Exercise
Begin at the line below that holds "Alright, let's dive" and end at the line that holds "3、游戏采用了横版移动操作,屏幕左边轮盘", transcribing each line exactly and skipping any picture.

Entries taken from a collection
+===+

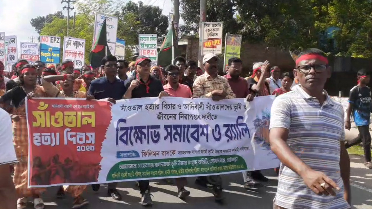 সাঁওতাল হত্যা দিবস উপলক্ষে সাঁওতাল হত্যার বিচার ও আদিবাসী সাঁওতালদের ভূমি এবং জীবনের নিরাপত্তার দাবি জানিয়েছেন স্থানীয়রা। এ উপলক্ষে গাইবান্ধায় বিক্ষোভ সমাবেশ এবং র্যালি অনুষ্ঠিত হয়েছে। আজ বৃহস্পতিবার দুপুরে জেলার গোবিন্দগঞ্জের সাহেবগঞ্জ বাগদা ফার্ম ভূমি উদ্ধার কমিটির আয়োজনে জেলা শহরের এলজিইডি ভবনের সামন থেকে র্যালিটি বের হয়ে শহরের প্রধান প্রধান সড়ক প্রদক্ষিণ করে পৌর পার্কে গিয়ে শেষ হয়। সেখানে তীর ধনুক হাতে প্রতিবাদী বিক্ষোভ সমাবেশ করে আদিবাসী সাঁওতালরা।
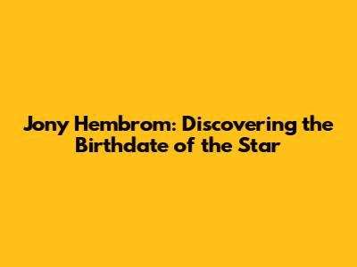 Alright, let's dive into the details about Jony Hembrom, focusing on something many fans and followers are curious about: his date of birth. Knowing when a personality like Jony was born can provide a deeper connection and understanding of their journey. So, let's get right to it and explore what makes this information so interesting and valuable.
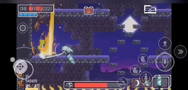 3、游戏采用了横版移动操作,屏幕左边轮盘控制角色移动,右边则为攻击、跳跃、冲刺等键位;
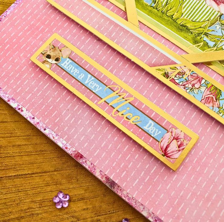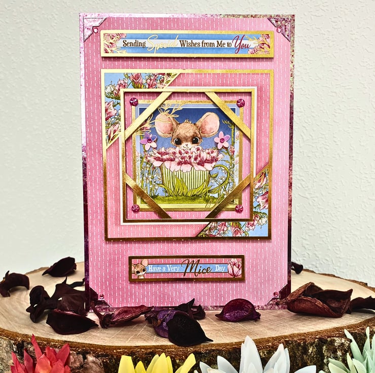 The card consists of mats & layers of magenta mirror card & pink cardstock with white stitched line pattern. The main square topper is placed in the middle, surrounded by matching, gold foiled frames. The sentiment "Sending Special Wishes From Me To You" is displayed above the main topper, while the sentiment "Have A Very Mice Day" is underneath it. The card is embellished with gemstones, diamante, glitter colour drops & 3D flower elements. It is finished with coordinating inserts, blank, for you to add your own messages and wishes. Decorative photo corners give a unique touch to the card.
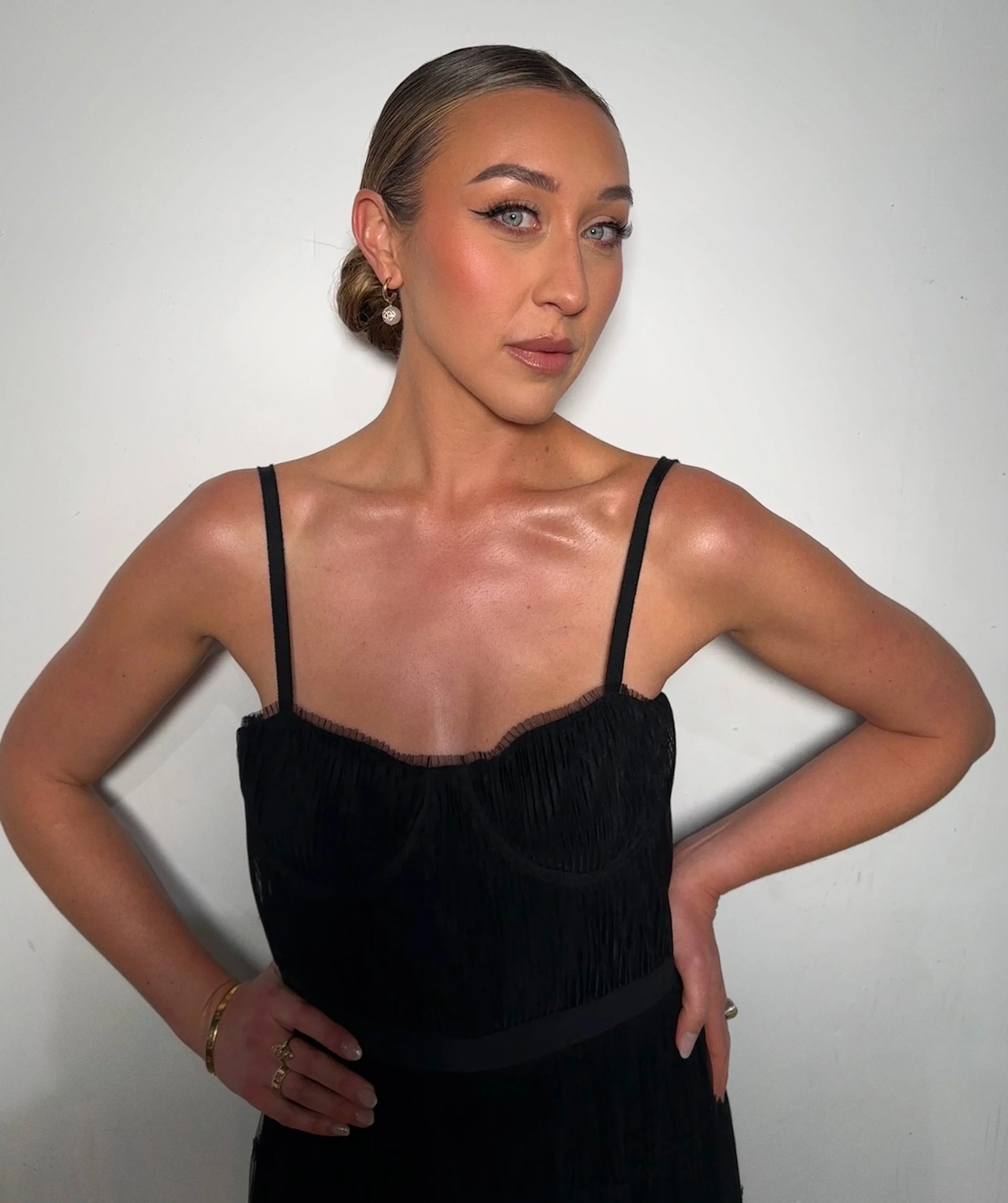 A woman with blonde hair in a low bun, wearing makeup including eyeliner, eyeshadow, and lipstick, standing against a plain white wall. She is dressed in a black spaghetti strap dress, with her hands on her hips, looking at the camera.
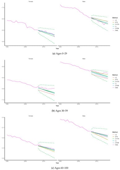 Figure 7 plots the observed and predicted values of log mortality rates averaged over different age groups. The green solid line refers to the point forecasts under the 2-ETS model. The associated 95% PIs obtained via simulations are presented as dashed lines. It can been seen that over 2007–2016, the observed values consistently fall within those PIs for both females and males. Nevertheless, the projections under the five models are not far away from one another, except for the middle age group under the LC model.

+===+

Task answer
 Alright, let's dive into the details about Jony Hembrom, focusing on something many fans and followers are curious about: his date of birth. Knowing when a personality like Jony was born can provide a deeper connection and understanding of their journey. So, let's get right to it and explore what makes this information so interesting and valuable.
 3、游戏采用了横版移动操作,屏幕左边轮盘控制角色移动,右边则为攻击、跳跃、冲刺等键位;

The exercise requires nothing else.